KBRA Affirms the Rating Assigned to BNP Paribas' Participation in a Capital Call Facility to the Partnerships Comprising PAI Partners VIII
29 Sep 2023 | London
KBRA UK (KBRA ) affirms the A rating and stable outlook assigned to BNP Paribas’ (“BNPP”) participation in a capital call facility in the form of a committed and secured multi-currency facility (the “Facility”) to the partnerships comprising PAI Partners VIII (“PAI VIII” or the “Fund”). The Facility is provided by a consortium of Lenders including BNPP. The rating assigned was requested by BNP Paribas as a participating lender in the transaction. Neither PAI Partners nor any of its associates has requested this report or the rating, and this report has not been prepared for or approved by any of them.
Key Credit Considerations
Facility Covenants and Structural Features: The primary collateral and source of repayment for the Facility is the total uncalled committed capital of the Fund. The Facility includes Coverage Thresholds, specifically that the undrawn commitments of the Fund must cover the Fund’s Total Financial Indebtedness by 1.4x, which reduces to 1.30x or 1.25x if the sum of the Undrawn Commitments and Net Asset Value (“NAV”) covers the Fund’s Total Financial Indebtedness by an amount greater than 2.5x and the Fund is 50% or 70% drawn, respectively. As of the June 2023 Compliance Certificate, the Borrower is currently in compliance with the financial covenants.
Alignment of Interests: A failure to fulfill a capital call can result in the defaulting Limited Partner (“LP”) losing rights to distributions from the Fund and restrictions from investing in future private capital opportunities. Furthermore, in the event an LP defaults with respect to their obligation to meet capital contributions, the defaulting LP is subject to the application of various default provisions.

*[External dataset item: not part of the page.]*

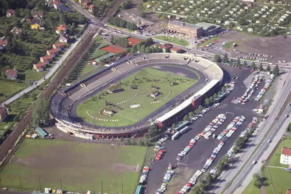 Ullevål stadion, hvor Jehovas Vidner her har møte. Trikkesporet til Sognsvannsbanen og Bergslia til venstre, Ringveien til høyre og Sognsveien bak stadion. (Flyfoto)

Such provisions include but are not limited to (i) declaration of defaulting LP’s drawable commitments due and payable; (ii) suspension of distributions to defaulting LP; (iii) forfeiting the defaulting LP’s interest in the Fund; and (iv) selling all or any part of the defaulting LP’s interest. All of these provisions are strong incentives for LPs to meet capital calls.
Structural Limitations of the Facility: The Facility permits borrowings by PAI Partners VIII-1 and PAI Partners VIII-2, which do not cross-collateralise one another. As a mitigant, there is cross-default between the Borrowers which creates a strong alignment of interest for the General Partner to ensure no default by PAI Partners VIII-2, which is the less diversified and smaller vehicle compared to PAI Partners VIII-1. In addition, each Fund Entity cannot directly borrow more than 30% of total commitments under the Facility.
Quality of LP Commitments: Since issuance of the rating, the LP base of PAI Partners VIII-1 has increased from approximately 170 LPs to over 300 LPs as of August 2023. There has also been marginal reallocation of commitments between LPs and minor changes in KBRA's assessment of LP credit quality. Overall, the quality of the LP base remains broadly in line with the analysis at issuance.
LP Diversification: The diversification of the LP commitments is determined utilising an adjusted Herfindahl-Hirschman Index (the “HHI”). Due to the increase in the number of LPs, the diversification for PAI Partners VIII-1 has increased from an adjusted HHI of 39.7 at issuance to 57.6, with the largest investor representing approximately 4.6% of commitments. As of August 2023, PAI Partners VIII-2 has 23 investors and an adjusted HHI of 21.5, compared to no LP commitments at issuance.
Sponsor History and Experience: PAI Partners is a French private equity firm based in Paris. It is one of the oldest firms in the sector, with its origins dating back to Paribas Affaires Industrielles, which started operations in 1872. The firm manages approximately €26.4 billion of Assets under Management (“AUM”) having raised over €31.0 billion in capital from investors comprising of pension funds, insurance companies, governmental organizations, banks, fund of funds and high net worth individuals.
Decline in LP Credit Quality: A decline in the credit quality of the Fund’s LPs could weaken the underlying collateral base of the transaction and jeopardise the ability of the Fund to repay borrowings as a result of: (i) downgrades in credit quality of underlying LPs; or (ii) transfer of interest(s) to LP(s) of lower credit quality characteristics, which may result in a downward rating change.
Increase in LP Credit Quality: An overall higher credit quality of LPs of the Fund as a result of: (i) upgrades in credit quality of the underlying LPs; or (ii) transfer of interest(s) to LP(s) with better credit characteristics, may result in an upward rating change.
Underperformance of Fund Assets or Investments: A downward rating change may occur due to a decrease in the Fund’s NAV as a result of underperformance of the Fund’s underlying assets or investments. This may jeopardise debt repayment as the deterioration of the Fund's assets may, for example, elicit hesitation of the Fund’s LPs to fund their respective capital calls regardless of their contractual obligations and the underlying LP security and protections to the Lender.